Here is what happened.

ChatGPT — Correct in Both Languages

ChatGPT answered correctly in both English and Korean, lining up the decimal places (9.11 vs 9.90) to show its work:

ChatGPT English answer comparing 9.11 and 9.9

Claude — Correct in English, But Stumbled in Korean

In English, Claude nailed it and even named the trap directly -- calling it a common intuitive trap where 11 feels bigger than 9, but place value is what matters:

Claude English answer comparing 9.11 and 9.9

But here is the fascinating part. When I asked Claude the exact same question in Korean, it stumbled. It first stated that 9.11 was bigger -- the wrong answer -- then caught itself mid-explanation and corrected course, essentially saying: "I gave the wrong answer at first, let me correct it." Same model, same question, different language -- and a completely different result on the first attempt.

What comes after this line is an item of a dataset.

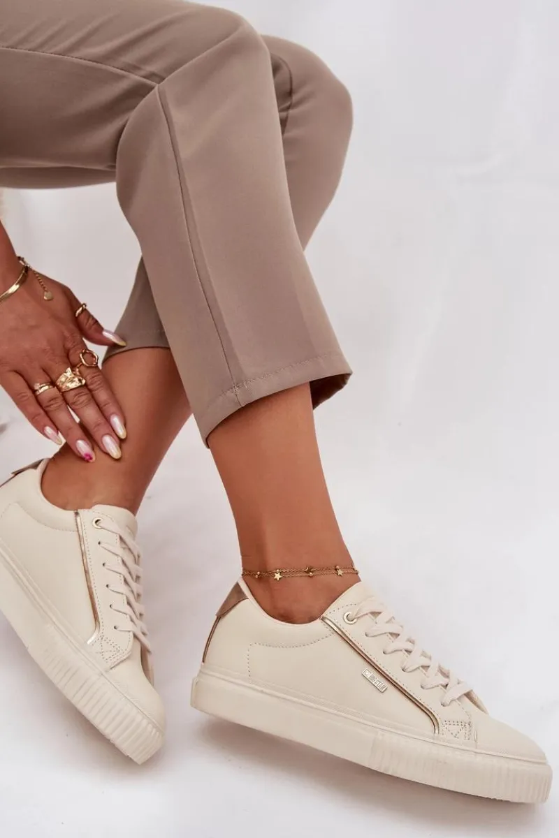 Sneakersy damskie Big Star z eko skóry to połączenie stylu i komfortu. Osadzone na platformie, zapewniają wygodę i stabilność, a wkładka z pianki, pokryta materiałem, gwarantuje dodatkowy komfort podczas chodzenia. Modny fason sprawia, że doskonale pasują do wielu stylizacji, od casualowych po bardziej eleganckie. Przy wyborze rozmiaru prosimy sugerować się tabelą rozmiarów.
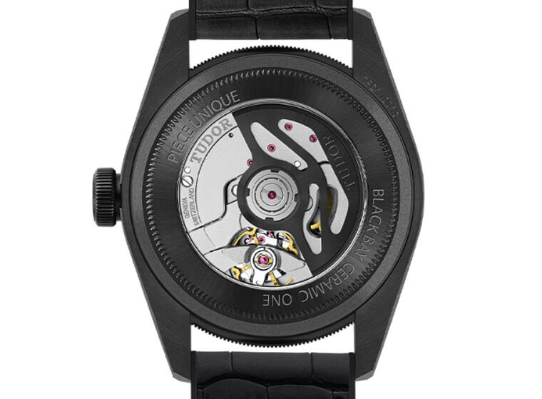 ▲身为特制款式,表款也难得换上了透明底盖露出帝舵自制机芯,而且包括底盖周围的不锈钢材质和机芯自动盘也都一律以PVD技术镀上一层黑色,呼应整体的黑色调。

This self-correction is the most interesting result of the whole test. The model started down the wrong path -- pattern-matching "11 is bigger than 9" -- then its own reasoning caught the error. It reached the right answer, but the stumble shows the wrong instinct is still in there, surfacing more easily in one language than another.

Gemini — Correct in Both Languages

Gemini handled both languages correctly, walking through the place-value comparison and noting that 9.9 is actually 0.79 larger than 9.11:

Why Does AI Struggle With This At All?

This is the genuinely interesting part. Researchers have studied this exact failure, and the explanation reveals something fundamental about how AI works.

Large language models do not process numbers as values. They process them as tokens -- fragments of text. The string "9.11" appears all over their training data as software version numbers (Python 3.9.11), dates (September 11), and section numbers. In many of those contexts, "9.11" comes after "9.9" -- a later version, a later point. The model absorbs that pattern.

So when you ask which is bigger, the model is not necessarily doing arithmetic. It can fall back on pattern-matching what the answer usually looks like in the text it learned from. Researchers have a name for this: computational split-brain syndrome. The model can explain the correct method for comparing decimals flawlessly -- align the decimal points, compare digit by digit -- while sometimes failing to actually execute it. Knowing how and being able to do are two different things for an AI.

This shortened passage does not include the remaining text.